● **Problem description**
An exact transcription is needed of the lines below from the one with "Quick Key Keyboard" through the one with "Needle-felted wool fiber on textile canvas", with no other lines and no pictures.

[Stored items]

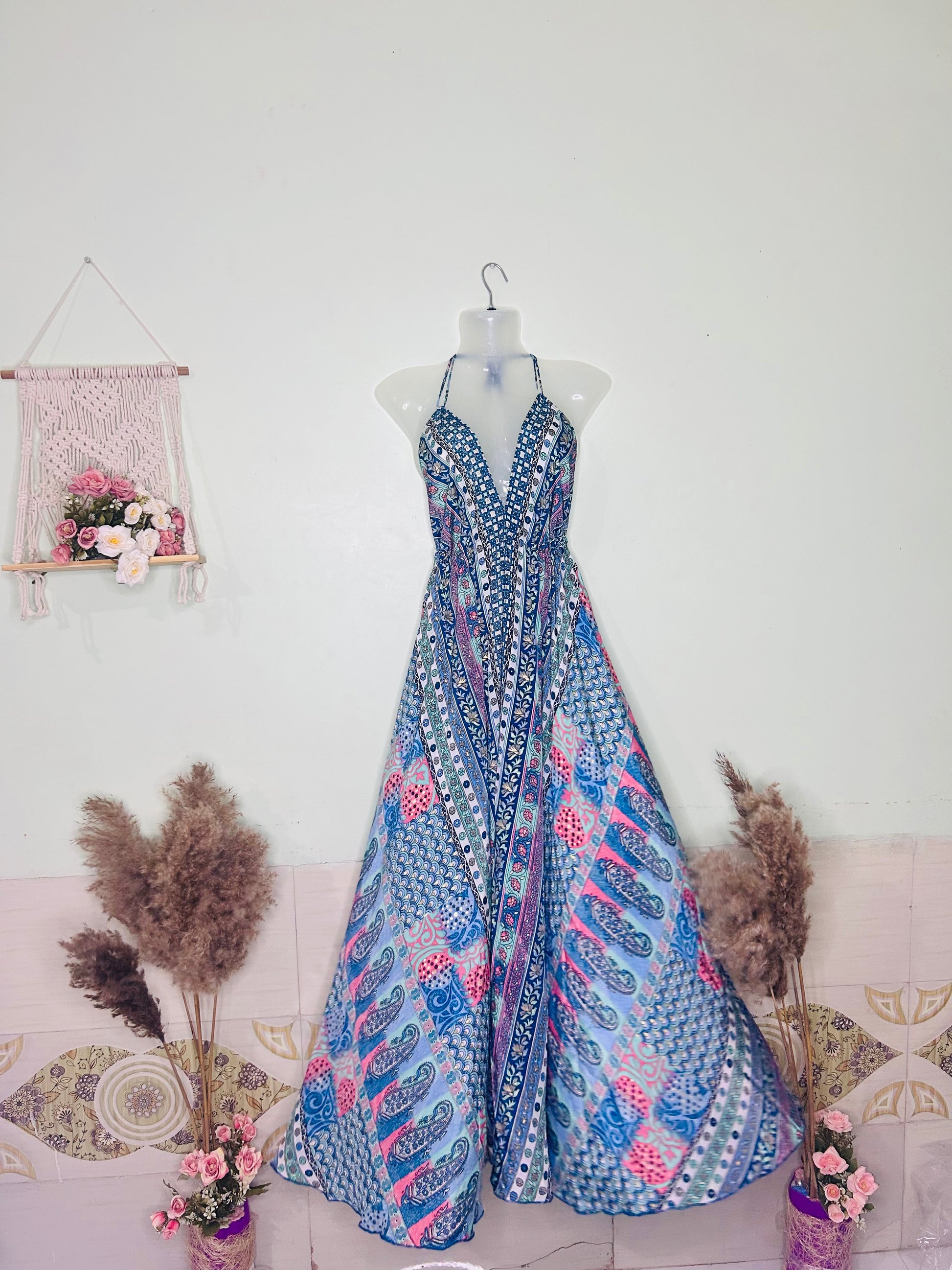 Boho Bliss Silk Gown – Pink & Blue Halter Neck Beach Dress
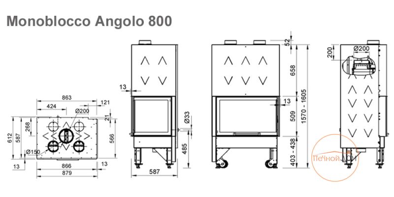 Конструкция прибора модели Monoblocco 800 Angolo имеет возможность произвести разветвление горячего воздуха в другие помещения.
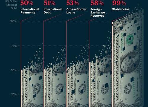 Despite some signs of de-dollarization in traditional finance, the digital realm tells a different story. A striking 99% of all stablecoins are pegged to the U.S. dollar, underscoring its pivotal role in crypto-based finance.
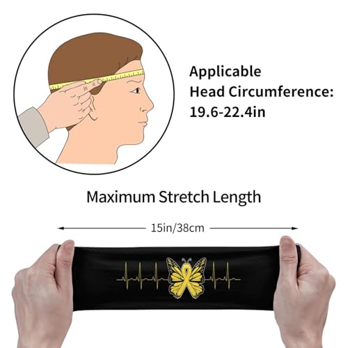 Gold Butterfly Ribbon Heartbeat Childhood Cancer Awareness Adjustable Sports Headband Moisture-Wicking Sweatband for Running & Workout 7
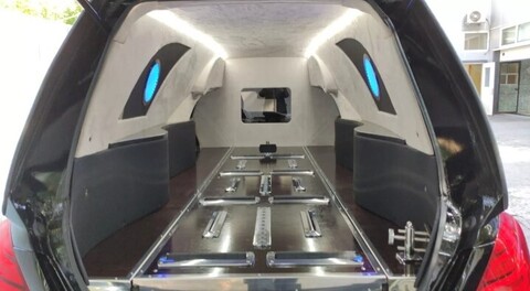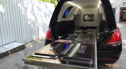 Элитный автомобиль-катафлак оборудован специальными устройствами для закрепления гроба, а также его погрузки и разгрузки.
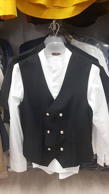- Жилет официанта/метрдотеля: классический черный, двубортный с серебристыми пуговицами, глубокий V-образный вырез, два внешних кармана. Идеально сочетается с белой сорочкой.
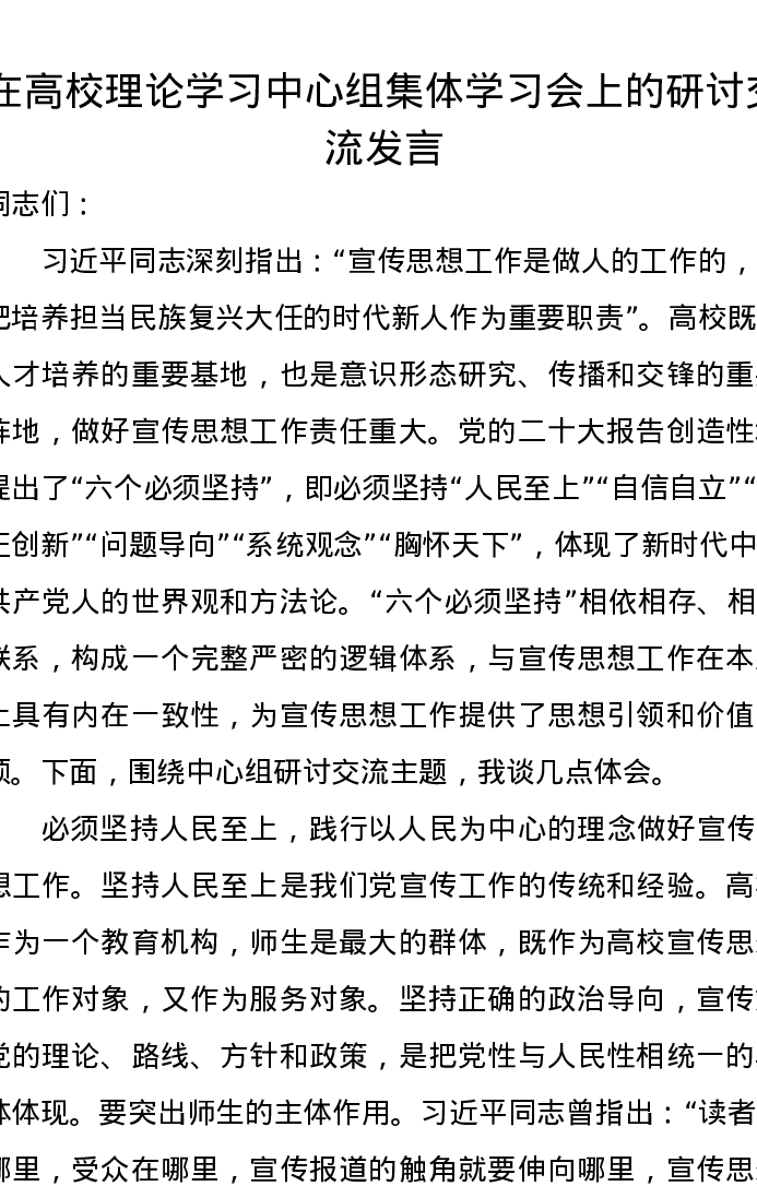 在高校理论学习中心组集体学习会上的研讨交流发言
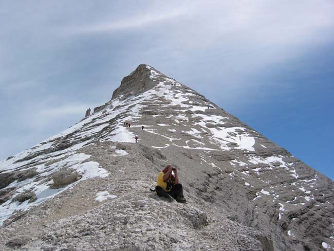 Final approach of Tofana di Rozes via the normal route above the upper end of the via ferrata.
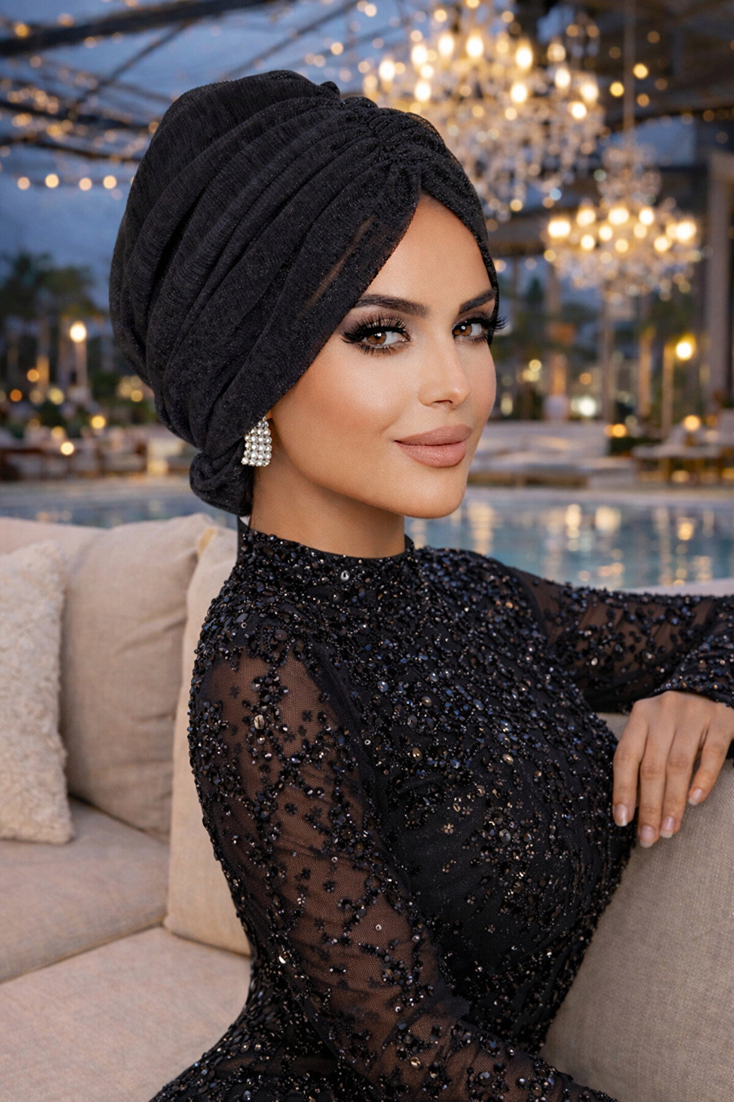 Ayna karşısında saatlerce şal bağlama derdine son! Siyah Piliseli Abiye Tokalı Bone, özel davetlerde, nişan ve düğünlerde zarafeti pratiklikle buluşturuyor. Pilise detaylı tül kumaşın hareketli yapısı ve enseden bağlanan şık tokasıyla, iğne kullanmadan kusursuz bir görünüme saniyeler içinde ulaşabilirsiniz.
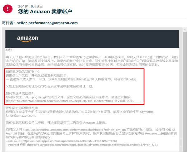 如下图所示,亚马逊可能会要求卖家提供额外的证明材料来佐证注册时提供的信息。此类通知通常seller-performance@amazon.com邮箱发出,但不同的站点间可能有所差异(例如,日本站点的通知可能是通过alliance@amozon.co.ip发出)。请严格遵照业绩通知中所列出的要求准备相应的材料。
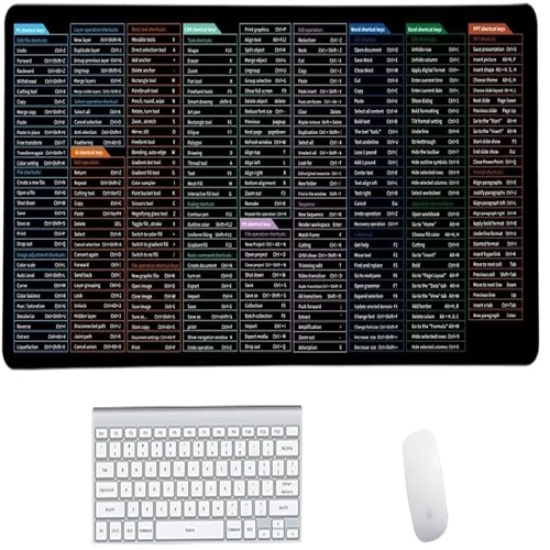 Quick Key Keyboard Mouse Pad, Non-Slip Desk Mat with Office Software Shortcuts Pattern, Upgraded Extended Large Rubber Base Mice Smooth Cloth Mouse Pad Desk Mat
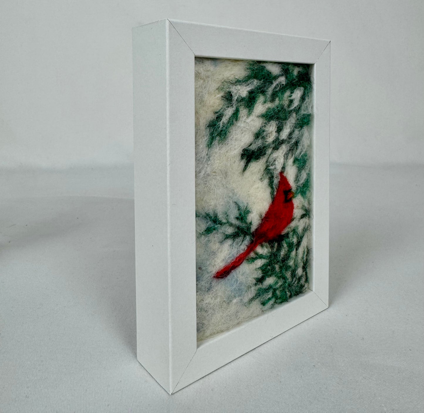 Needle-felted wool fiber on textile canvas
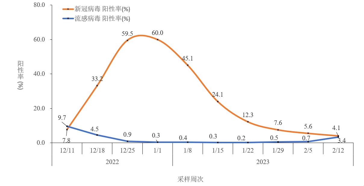 2022年第49周(12月9日),流感样病例新冠病毒阳性率开始逐渐增加,在第51和52周期间达峰值后持续下降,2023年第6周(2月6-12日)新冠病毒阳性率已下降至4.1%。2022年第49周以来,流感病毒阳性率则逐步降低,12月下旬至2月初处于极低水平(低于1.0%);2023年第6周,流感病毒阳性率有所上升(3.4%)(图2-5)。
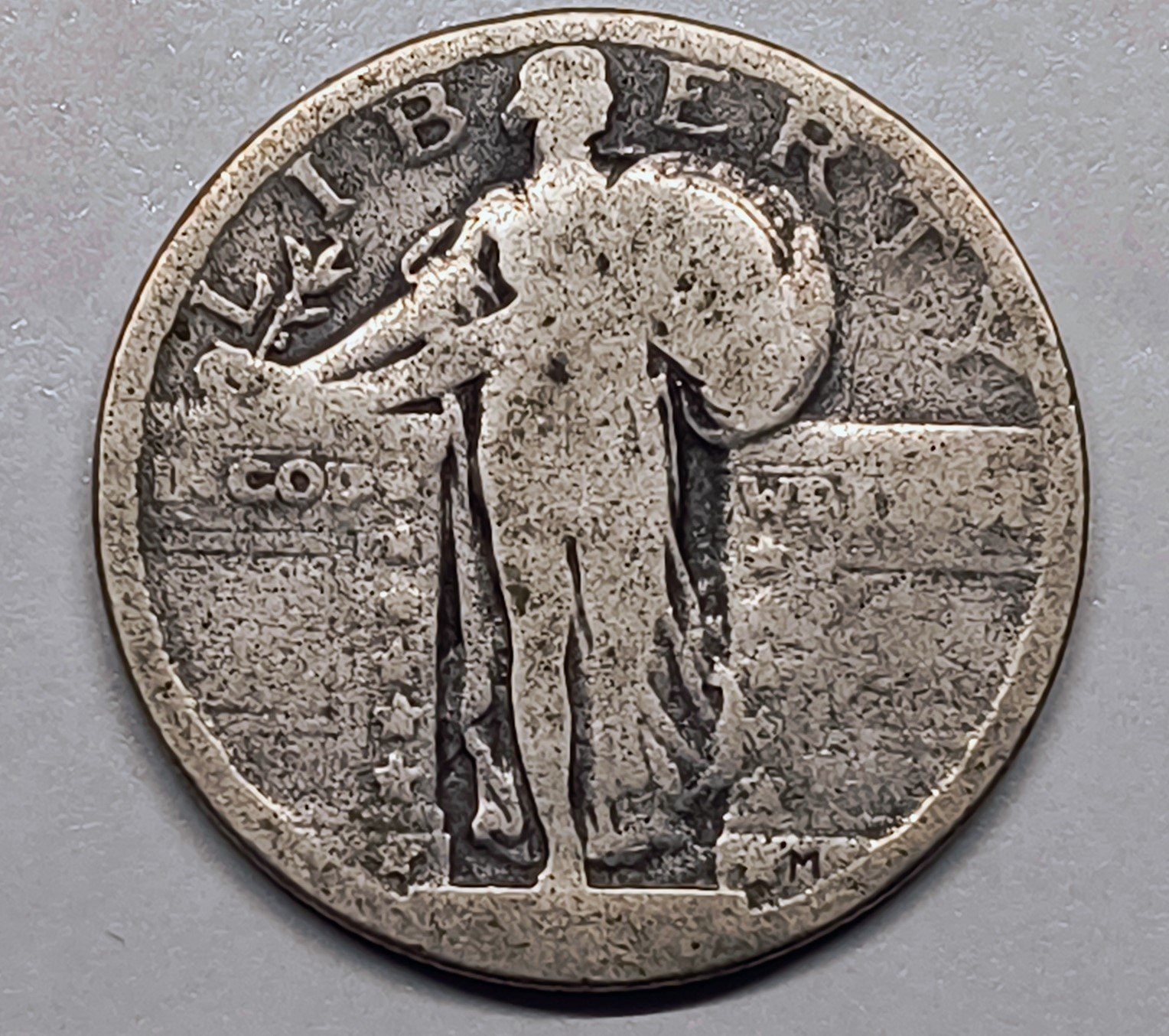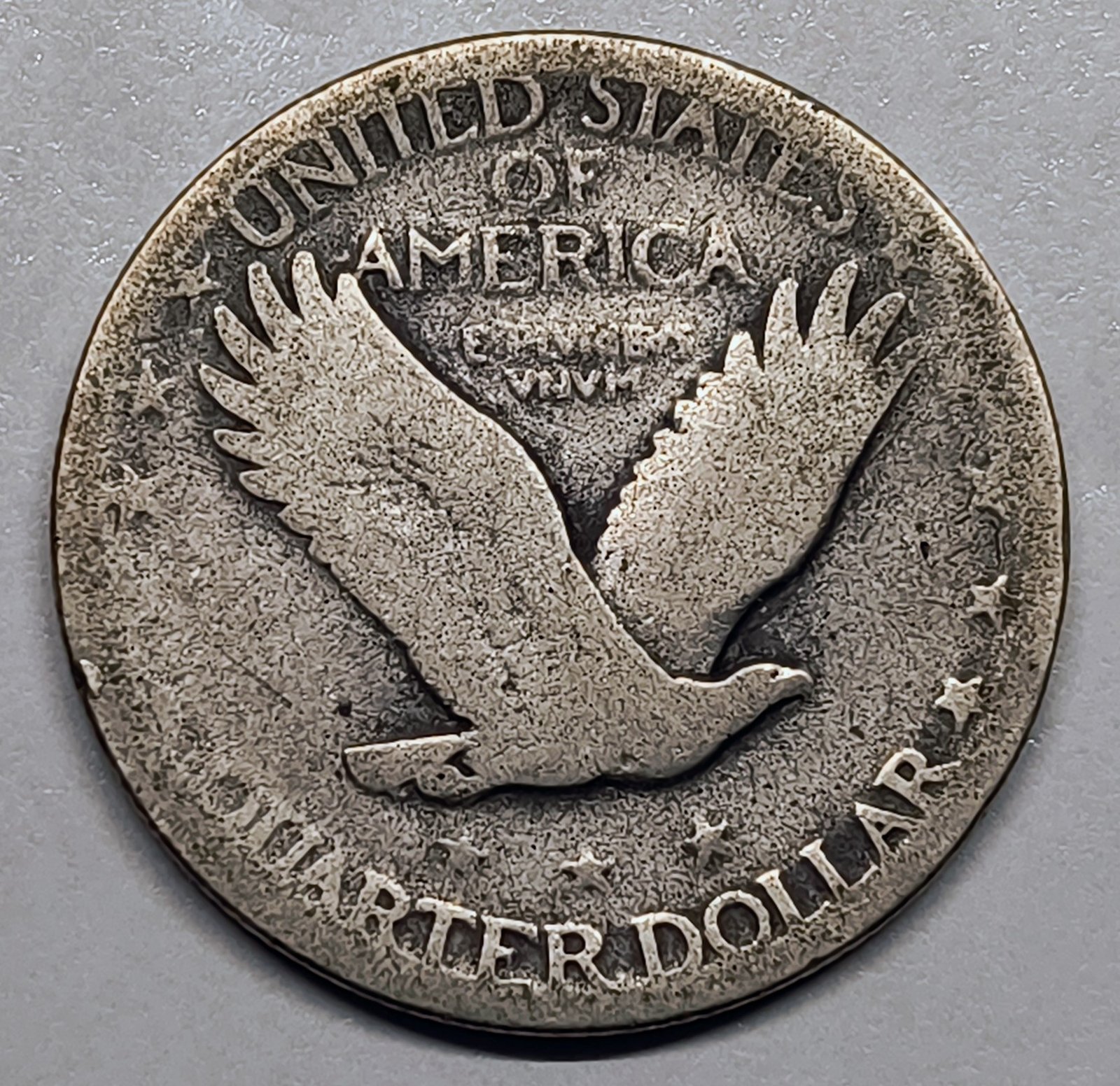 El Standing Liberty Quarter es una de las monedas más bellas de la historia de los Estados Unidos. Diseñada por Hermon A. MacNeil, fue acuñada desde 1916 hasta 1930. Esta pieza corresponde a la variante «Stars Below Eagle», acuñada entre 1917 y 1924, identificable por las estrellas situadas bajo el águila en el reverso.

● **Task answer**
 Quick Key Keyboard Mouse Pad, Non-Slip Desk Mat with Office Software Shortcuts Pattern, Upgraded Extended Large Rubber Base Mice Smooth Cloth Mouse Pad Desk Mat
 Needle-felted wool fiber on textile canvas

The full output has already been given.